Hi, thanks for this awesome section.

Regarding Equation 5.4.4: I agree with the result, but maybe overlook something in the following step:

E[o_i^2] - (E[o_i])^2 = \sum {j=1}^{n{in}} E[w_{ij}^2 x_j ^2] - 0

I rather think this (not equivalent) equality is true
E[o_i^2] - (E[o_i])^2 = E[(\sum {j=1}^{n{in}} w_{ij} x_j )^2] - 0

However, from here I don’t immediately see how to achieve the result. An alternative derivation here achieves that without this concern of mine.

Any clarification much appreciated

dingcurie · August 18, 2023, 12:57am

Thus we are susceptible to the same problems of numerical underflow that often crop up when multiplying together too many probabilities.

Why are we only concerned about underflow here? Couldn’t overflow also be an issue to the same extent?

dingcurie · August 18, 2023, 1:04am

Unfortunately, our problem above is more serious: initially the matrices M^(l) may have a wide variety of eigenvalues. They might be small or large, and their product might be very large or very small.

I suppose we should be concerned here with singular values, as for a general matrix (not necessarily square), it is the singular values that characterize the stretching/shrinking effect a matrix has on a vector. Am I missing something?

pandalabme · August 22, 2023, 1:07am

My solutions to the exs: 5.4

gaokai320 · June 15, 2024, 6:44am

What is the shape of $\frac{\partial \mathbf{o}}{\partial \mathbf{W}^{l}}$ in Equation 5.4.2? And it seems that the shape of the product of L -1 matrices and the shape of the gradient vector v^l mismatch.

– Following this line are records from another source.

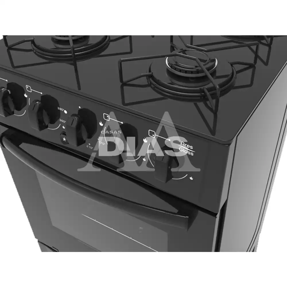 FOGAO 4B REALCE PISO ARES GLASS AUTOMATICO PRETO
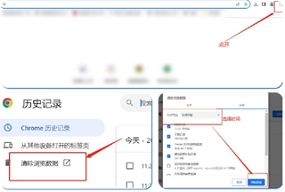 方式①启动谷歌浏览器,点击右上角的三个小圆点,接着选择历史记录选项,最后执行清除浏览数据的操作。
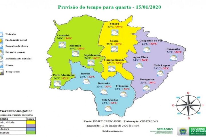 MaisO tempo segue instável nesta terça-feira (14.01) em Mato Grosso do Sul. Previsão do Instituto Nacional de Meteorologia (Inmet) indica condições de céu nublado a parcialmente nublado com pancadas de chuva e

cmou · October 11, 2024, 8:39am

Seems this formula was stick to the same as old version book’s one (4.8.2). I assume it should be applying multiple differentiates with respect to weight of layers, instead of differentiates wrt. their intermediary outcome h.

Nicolas_Victorion · October 12, 2024, 7:21am

In my opinion, $\partial_{W^{(l)}}o$ and $\partial_{W^{(l)}}h^{(l)}$ are both third-order tensors.